- **TASK TO COMPLETE**
A verbatim printing of the entries that follow is needed; pictures must not appear in it.

(Excerpts from a dataset)
----

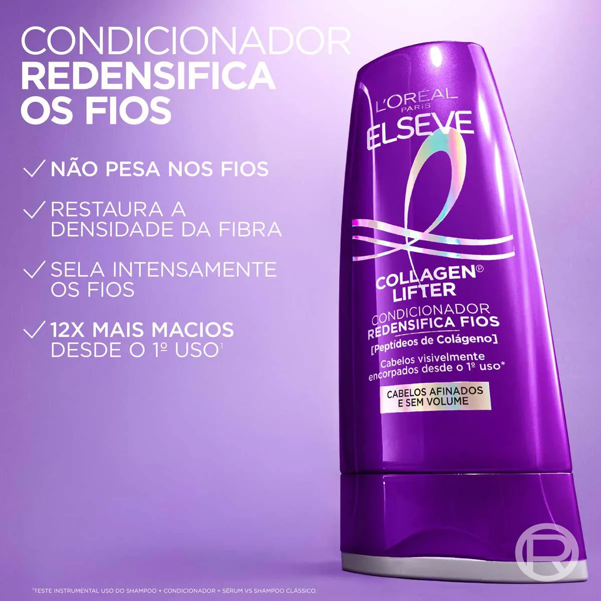 - Aplique o Condicionador Redensifica Fios Elseve Colágeno Lifter em todo o comprimento do cabelo, evitando a raiz. Deixe o condicionador agir por alguns instantes e enxágue abundantemente.
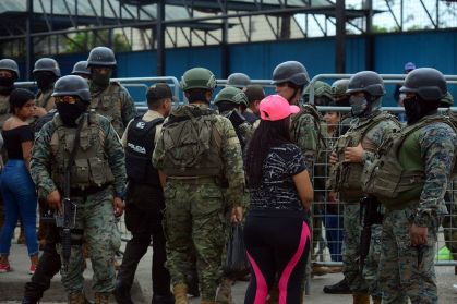 Na cidade de Guayaquil, pelo menos 2.700 militares e policiais fortemente equipados entraram na Penitenciária do Litoral, após a promulgação da medida de 60 dias, retomando o controle de três blocos de celas com detonações controladas.
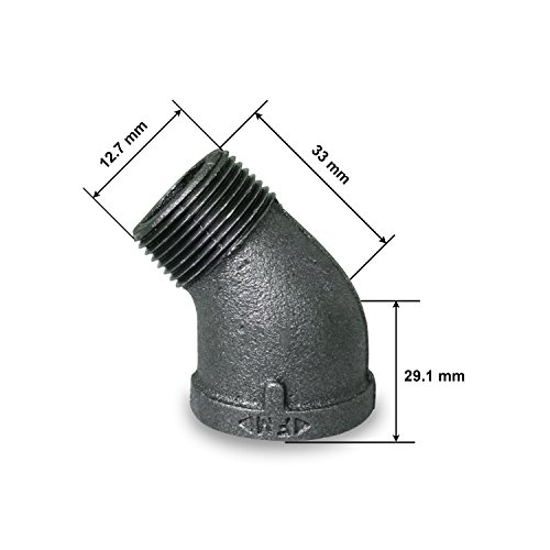 Everflow Supplies BMSF0012 1/2" 45 Degree Street Malleable Iron Fitting for High Pressures with Black Finish
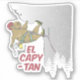 A funny cartoon illustration of a capybara rock climbing. The capybara is wearing a climbing helmet and harness. The text is a pun, a mix-up of El Capitain and Cabybara. A fuunny design for kids who love capybaras or anyone who loves to climb.
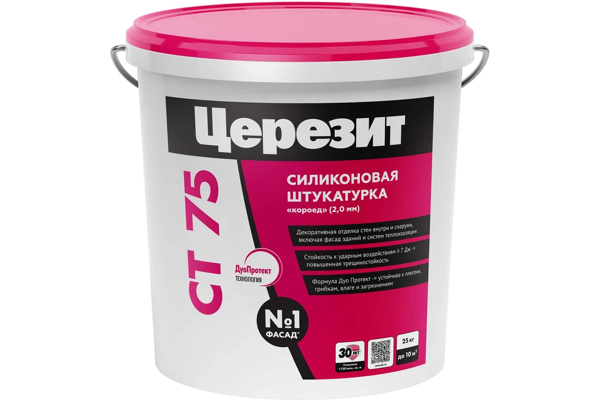 Рекомендована для систем фасадных теплоизоляционных композиционных (СФТК) с теплоизоляционным слоем из пенополистирольных (Церезит EPS) и минераловатных (Церезит WM) плит. Формула БиоПротект обеспечивает высокую стойкость штукатурки к грибкам и водорослям.
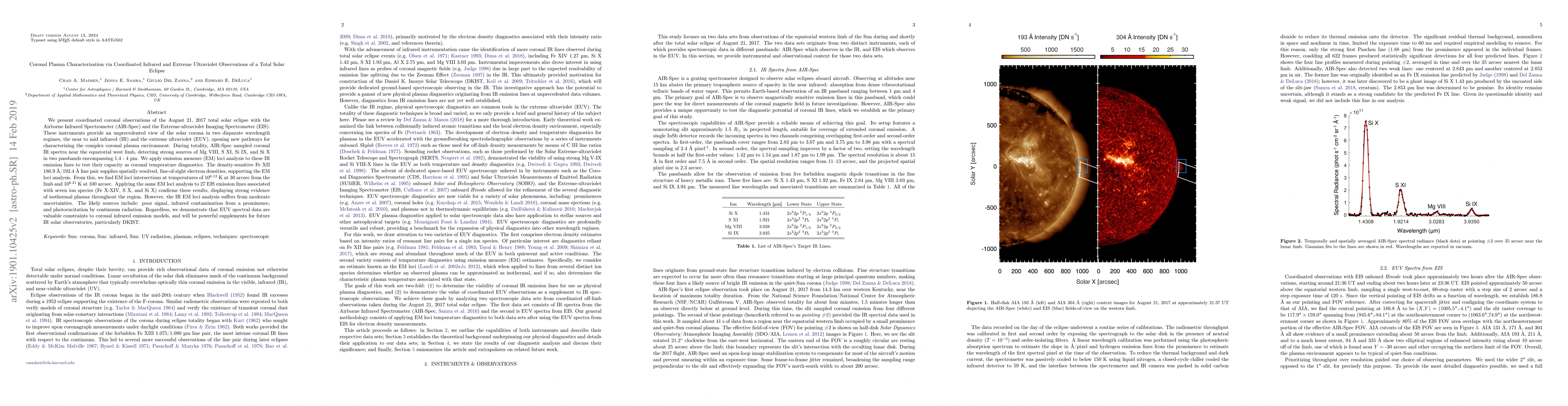 This paper presents coordinated infrared and extreme ultraviolet observations of the 2017 total solar eclipse to characterize the solar corona. The study uses AIR-Spec and EIS to analyze emission lines, revealing isothermal plasma and electron densities, while noting uncertainties in infrared diagnostics due to signal issues and contamination.
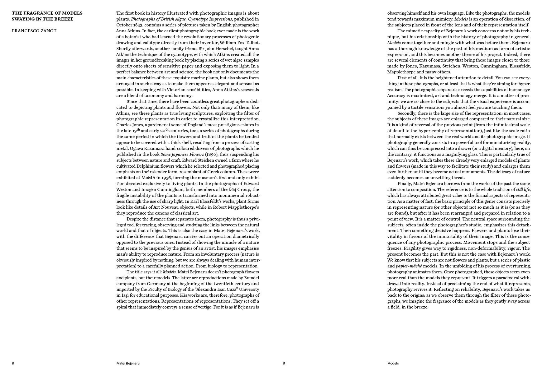” Models - Matei Bejenaru” re/prezintă în format editorial proiectul fotografic omonim care pornește, ca subiect, de la colecția de modele de plante de la Facultatea de Biologie de la Universitatea „Alexandru Ioan Cuza” din Iași. Majoritatea dintre ele au fost realizate de firma germană Brendel la sfârșitul secolului al XIX-lea și în prima jumătate a scolului XX și au fost achiziționate de Universitatea din Iași în perioada interbelică. Modele Brendel au fost folosite cu scopuri didactice și, în prezent, se regăsesc în mai multe colecții în muzee și instituții de învățământ din Europa. Pe deoparte, fotografiile analizează raportul dintre imaginea reprezentată și reprezentările realității și, pe de alta, expresivitatea și frumusețea formelor și structurilor lumii vegetale în fotografii supradimensionate. Funcția principală pentru care au fost realizate a fost didactică, însă, odată cu trecerea timpului, ele au câștigat și o semnificație culturală, de instrumente de cunoaștere rațională a realității.

----

- **OUTPUT FOR THIS EXERCISE**
 - Aplique o Condicionador Redensifica Fios Elseve Colágeno Lifter em todo o comprimento do cabelo, evitando a raiz. Deixe o condicionador agir por alguns instantes e enxágue abundantemente.
 Na cidade de Guayaquil, pelo menos 2.700 militares e policiais fortemente equipados entraram na Penitenciária do Litoral, após a promulgação da medida de 60 dias, retomando o controle de três blocos de celas com detonações controladas.
 Everflow Supplies BMSF0012 1/2" 45 Degree Street Malleable Iron Fitting for High Pressures with Black Finish
 A funny cartoon illustration of a capybara rock climbing. The capybara is wearing a climbing helmet and harness. The text is a pun, a mix-up of El Capitain and Cabybara. A fuunny design for kids who love capybaras or anyone who loves to climb.
 Рекомендована для систем фасадных теплоизоляционных композиционных (СФТК) с теплоизоляционным слоем из пенополистирольных (Церезит EPS) и минераловатных (Церезит WM) плит. Формула БиоПротект обеспечивает высокую стойкость штукатурки к грибкам и водорослям.
 This paper presents coordinated infrared and extreme ultraviolet observations of the 2017 total solar eclipse to characterize the solar corona. The study uses AIR-Spec and EIS to analyze emission lines, revealing isothermal plasma and electron densities, while noting uncertainties in infrared diagnostics due to signal issues and contamination.
” Models - Matei Bejenaru” re/prezintă în format editorial proiectul fotografic omonim care pornește, ca subiect, de la colecția de modele de plante de la Facultatea de Biologie de la Universitatea „Alexandru Ioan Cuza” din Iași. Majoritatea dintre ele au fost realizate de firma germană Brendel la sfârșitul secolului al XIX-lea și în prima jumătate a scolului XX și au fost achiziționate de Universitatea din Iași în perioada interbelică. Modele Brendel au fost folosite cu scopuri didactice și, în prezent, se regăsesc în mai multe colecții în muzee și instituții de învățământ din Europa. Pe deoparte, fotografiile analizează raportul dintre imaginea reprezentată și reprezentările realității și, pe de alta, expresivitatea și frumusețea formelor și structurilor lumii vegetale în fotografii supradimensionate. Funcția principală pentru care au fost realizate a fost didactică, însă, odată cu trecerea timpului, ele au câștigat și o semnificație culturală, de instrumente de cunoaștere rațională a realității.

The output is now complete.